Quest’anno il FEFF presenterà una scelta di film d’azione diversi tra loro. Tomb of the River usa la città marittima di Gangneung come sfondo per una classica storia di tradimenti e faide tra bande di gangster, mentre The Killer mette in luce il protagonista Jang Hyuk, un attore che in questa fase della sua carriera si è riciclato come formidabile divo d’azione. Il film, che viene presentato in prima mondiale a Udine, ha già accordi firmati per essere distribuito in 23 territori internazionali.

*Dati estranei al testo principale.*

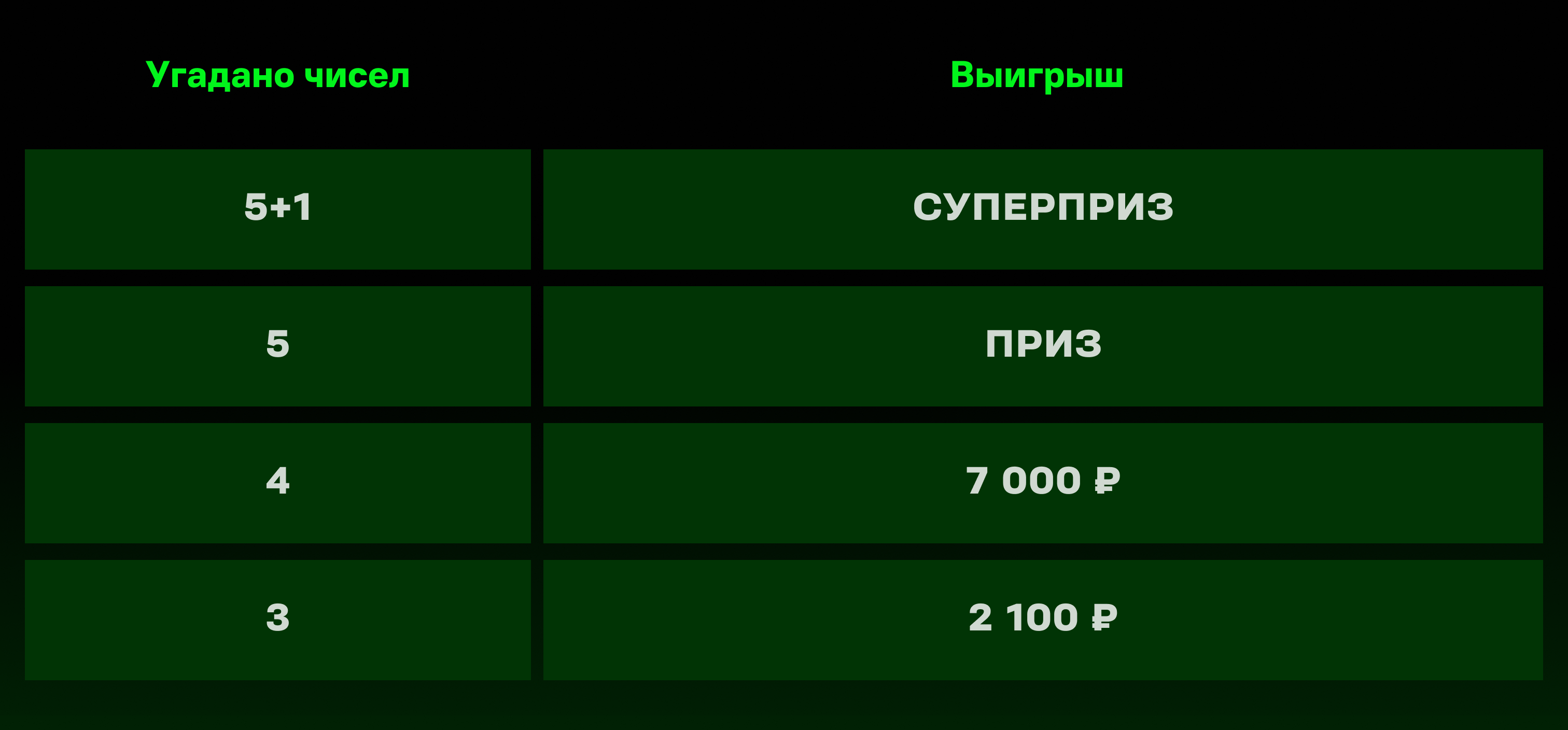 С 12:00 мск 6 октября минимальные выигрыши в «клаве» увеличены в 30 раз — теперь от 2100 ₽. А суперприз лотереи — от 3 000 000 ₽. Скорее жмите на клавиши и выигрывайте больше до 11:45 мск 13 октября!

È fuor di dubbio che il cinema coreano si trova a un crocevia interessante per il suo sviluppo. L’interesse mondiale per i contenuti coreani non solo sembra rafforzarsi, ma la pandemia ha anche temporaneamente messo da parte l’industria del cinema, mentre acclamate serie su Netflix e altre piattaforme concentrano l’attenzione internazionale. È evidente che l’industria del cinema coreano ha ancora il talento e le competenze per avere successo, ma sarà in grado di sopravvivere allo spostamento delle forze di mercato e agli effetti prolungati della pandemia per recuperare la gloria del passato? Si suppone che il 2022 potrà fornire una risposta a questa domanda – ma non è ancora chiaro quale potrà essere.